Validate Account Factory for Terraform (AFT) code locally

Created by Alexandru Pop (AWS) and Michal Gorniak (AWS)

Summary

This pattern shows how to locally test HashiCorp Terraform code that’s managed by AWS Control Tower Account Factory for Terraform (AFT). Terraform is an open-source infrastructure as code (IaC) tool that helps you use code to provision and manage cloud infrastructure and resources. AFT sets up a Terraform pipeline that helps you provision and customize multiple AWS accounts in AWS Control Tower.

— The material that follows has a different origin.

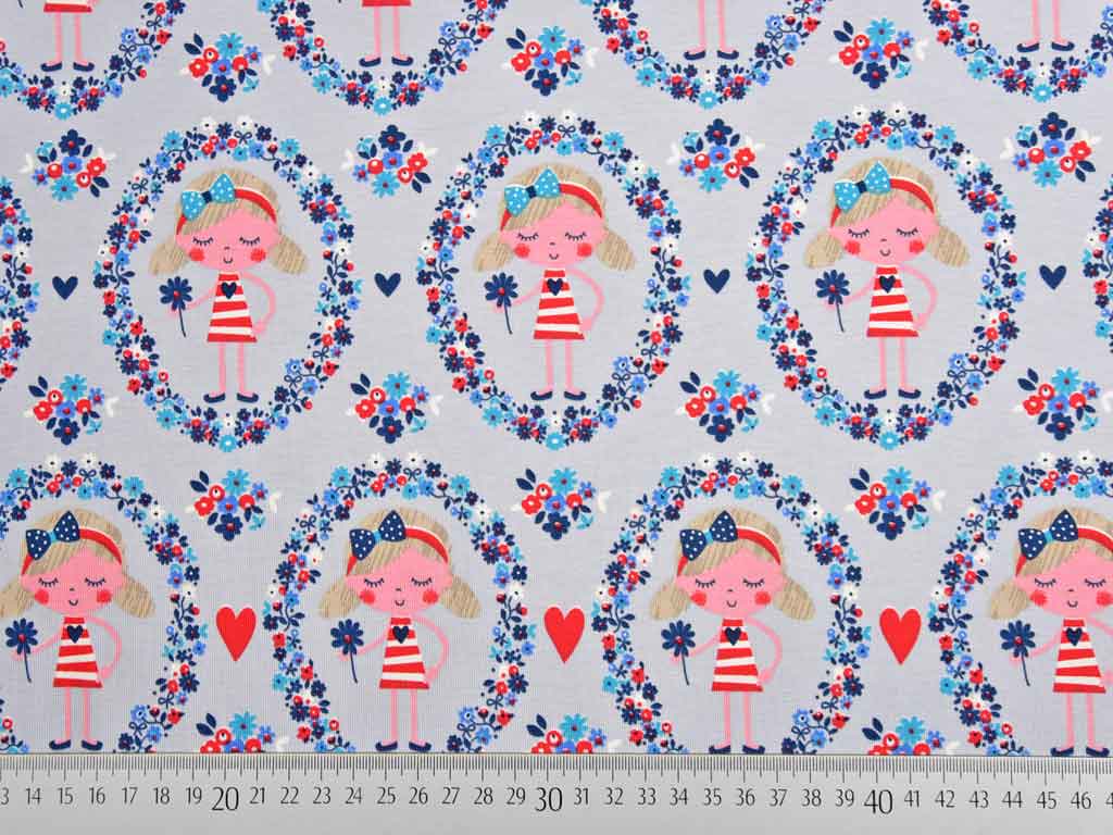 Ein niedlicher, hellgrauer Jersey mit Matrosenmädchen umgeben von Blumenkränzen. . Das Mädchen hat ein rot weiß geringeltes Kleid an und hält eine blaue Blume in der Hand. Sehr süß sind die kleinen Zöpfe und der Haarreif mit einer blauen Schleife. Der Blumenkranz setzt sich aus kleinen Blümchen in weiß, rot und verschiedenen Blautönen zusammen. Rote Herzen sind zwischen den Blumen plaziert. Einfach so süß!

During code development, it can be helpful to test your Terraform infrastructure as code (IaC) locally, outside of the AFT pipeline. This pattern shows how to do the following:

Retrieve a local copy of the Terraform code that’s stored in the AWS CodeCommit repositories in your AFT management account.
Simulate the AFT pipeline locally by using the retrieved code.

This procedure can also be used to run Terraform commands that aren’t part of the normal AFT pipeline. For example, you can use this method to run commands such as terraform validate, terraform plan, terraform destroy, and terraform import.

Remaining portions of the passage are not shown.